Includes a training notebook (training.ipynb) and a FastAPI app (app.py) backed by players_22.csv.

TL;DR
#

What this is: A sports analytics project that lets users build a player profile and find similar FIFA 22 players based on seven comparable attributes.

What this isn’t: A production scouting platform. Results are useful but would benefit from additional filters and features.

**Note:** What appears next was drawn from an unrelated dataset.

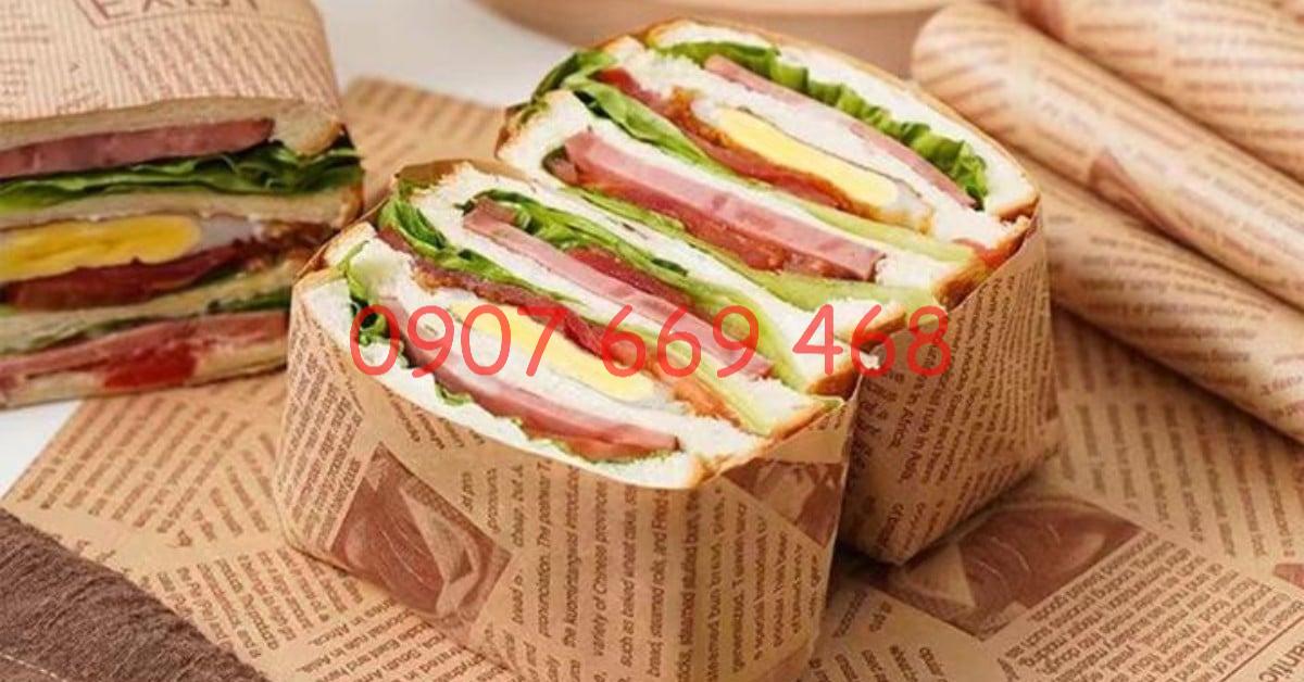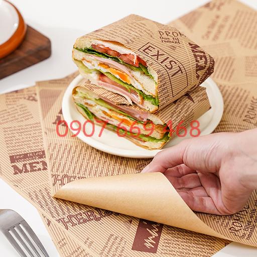 Giấy gói bánh mì hamburger chống dầu mỡ in sẵn size 30x30
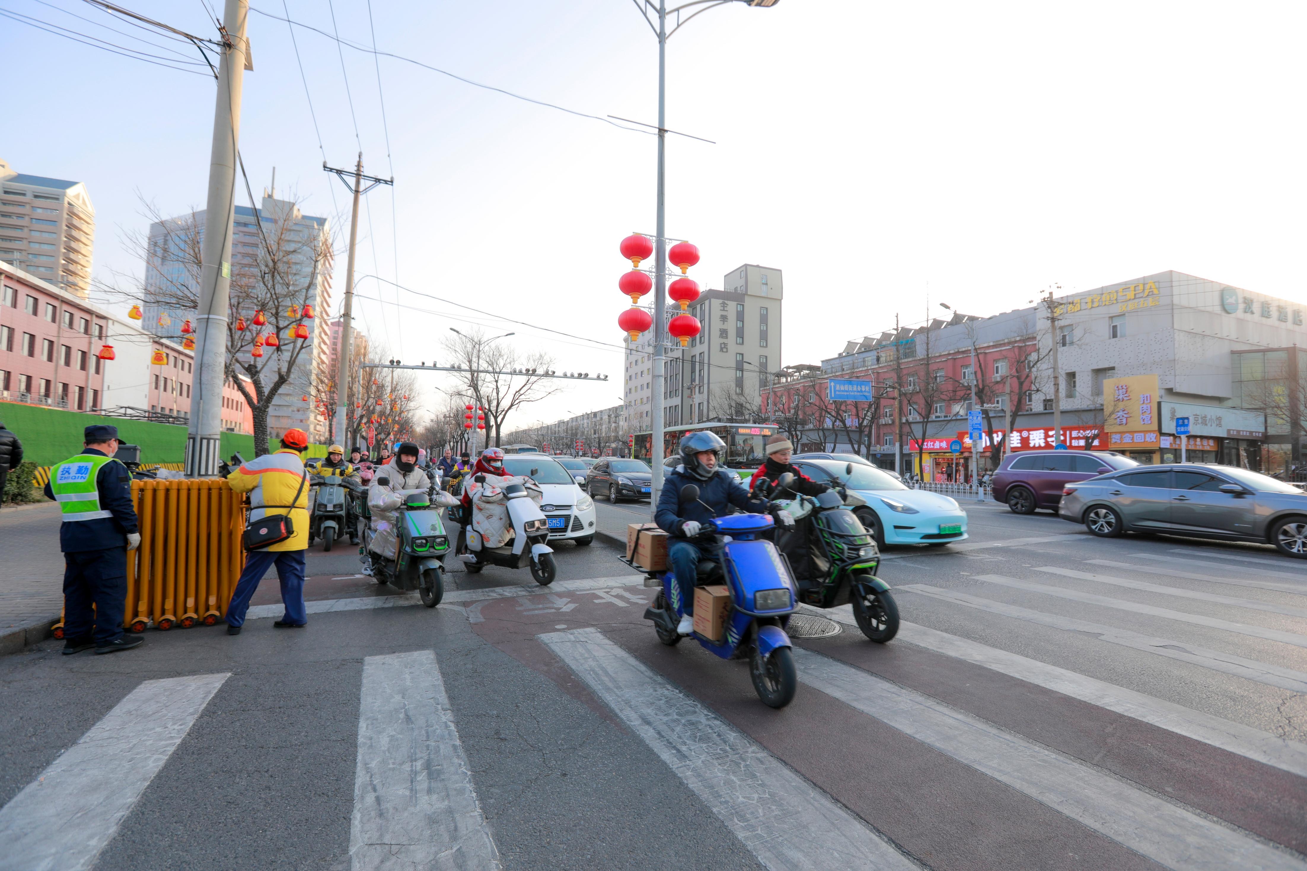 联合执法精准化:街道平安建设办公室联合朝阳交通支队机场交通大队,定期开展违停整治行动,利用智能执法设备拦截非机动车、引导二次等灯非机动车规范排队等,实现精准执法,同时,街道在早晚高峰时段安排专人在路口值守,有效维护了道路交通秩序。

Stack: Python, pandas, scikit-learn, FastAPI.

Problem Statement
#

Let users build a player profile from attributes they care about, then surface similar real players from the dataset. That similarity layer can support further use cases — team formation ideas, recruitment comparisons, or game-like player discovery.

Dataset
#

  • Source: Kaggle — FIFA 22 player data
  • Selection: Multiple datasets were evaluated for completeness and fit; FIFA 22 was chosen for a simulation-game-like experience accessible to a general audience
  • Earlier exploration: Data from fbref and Transfermarkt was considered, but scraping added complexity without matching the intended UX

Data Cleaning and Preprocessing
#

  • Removed missing and inconsistent entries
  • Normalized and standardized numerical values
  • Handled outliers and imbalanced data where needed
  • Mapped detailed position codes into broader roles (attacker, midfielder, defender); goalkeepers are excluded from similarity search

Feature Selection
#

Seven features drive comparison:

FeatureDataset column
Positionplayer_positions
Speedpace
Passingpassing
Dribblingdribbling
Defensedefending
Physicphysic
Shootingshooting

These were chosen because they directly influence player comparison and are easy for a general user to fill in.

Encoding and Similarity
#

One-hot encoding for position — preserves category uniqueness without implying order between positions.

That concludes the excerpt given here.